Last summer I opined on the loss of the Longfin Smelt from the Bay-Delta estuary1. A recent paper in the Transactions of the American Fishery Society looks to “disaggregating forces”… “By disaggregating the life-stage-specific constraints on population dynamics, our results can help to inform a future ESA listing decision for Longfin Smelt and can assist in development of the accompanying recovery plan if the population is listed”.2
What the authors of the study did was to separate the population into life stages or age groups to view the population dynamics to determine at which stage or age the apparent cause of the decline may be occurring. With a two-year life cycle, there are basically two life stages. Young Longfin are produced and rear in their first year in the upper estuary (Delta and eastern Bay). The second year they continue rearing in the Bay and nearby ocean until reaching maturity and returning to the upper estuary to spawn. The review came to the following conclusions:
- It corroborated past studies in finding that production of young is related to freshwater inflow to the estuary.

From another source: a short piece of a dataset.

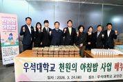 (포탈뉴스통신) 완주군이 24일 우석대학교 교양관에서 2026년 ‘천 원의 아침밥’ 사업의 시작을 알리는 행사를 열고 올해 본격적인 사업 추진에 나섰다. 이날 행사에는 유희태 완주군수와 박노준 우석대학교 총장, 이순덕 군의원, 김정은 사회적협동조합 양지뜰 대표 등이 참여해 바쁜 학업으로 아침 식사를 거르는 대학생들에게 로컬푸드 식재료로 만든 식사를 직접 배식하며 따뜻한 격려를 건넸다. 군은 학생들의 높은 호응을 반영해 올해 운영 규모를 작년보다 대폭 키웠다. 지난해 기준 43일이었던 일수를 올해 80일로 2배 가까이 확대해 운영한다. 이를 통해 더 많은 학생이 학기 중 꾸준히 양질의 아침 식사를 제공받을 수 있게 됐다. 제공하는 메뉴 역시 학생들의 목소리를 적극적으로 반영했다. 지역산 쌀을 활용한 다양한 덮밥류와 완주로컬푸드협동조합(이사장 권승환)과 재단법인 완주공공급식지원센터를 통해 공급받은 신선한 제철 과일 등 영양가 높은 간편식 식단으로 구성해 운영할 예정이다. 유희태 완주군수는 “천 원의 아침밥 사업은 청년들이 건강하게 미래를 준비하도록 돕는 핵심적인 복

- The production of young determines the subsequent abundance of age two adults.
- The production of young is also related to the previous number of adult age-2 spawners.
- The survival from age 1 to age 2 (young recruits to adult spawners) is related to Bay and Ocean conditions, and may be declining in recent decades.
While the first three “forces” were anticipated, the fourth indicates a decline in the production capacity of the lower estuary and ocean. The ocean has been a factor in recent decades decline and improvements in salmon, so why not Longfin? Seems logical. A decline in Bay productivity for whatever reason is more ominous. Could this be related to effects on the Bay from higher Delta exports over the last several decades, recent multiyear droughts, or the combination of both? Has the productivity of the Bay been compromised? “[T]he mechanisms affecting juvenile survival are more likely to operate in mesohaline or marine environments than in freshwater or low-salinity-zone waters.”
The facts remain that the population of Longfin Smelt in the San Francisco Bay-Delta estuary has crashed. The numbers recorded in recent index years is especially low (see footnote #1).
Bay-Delta trawl survey results for this recent December just published compared to past survey years (Figures 1 and 2) support my earlier conclusion – “they are gone”. The slow population death spiral from low young production, to poor spawner production, to poor young production, has reached its course, as also suggested by Hobbs and Moyle3.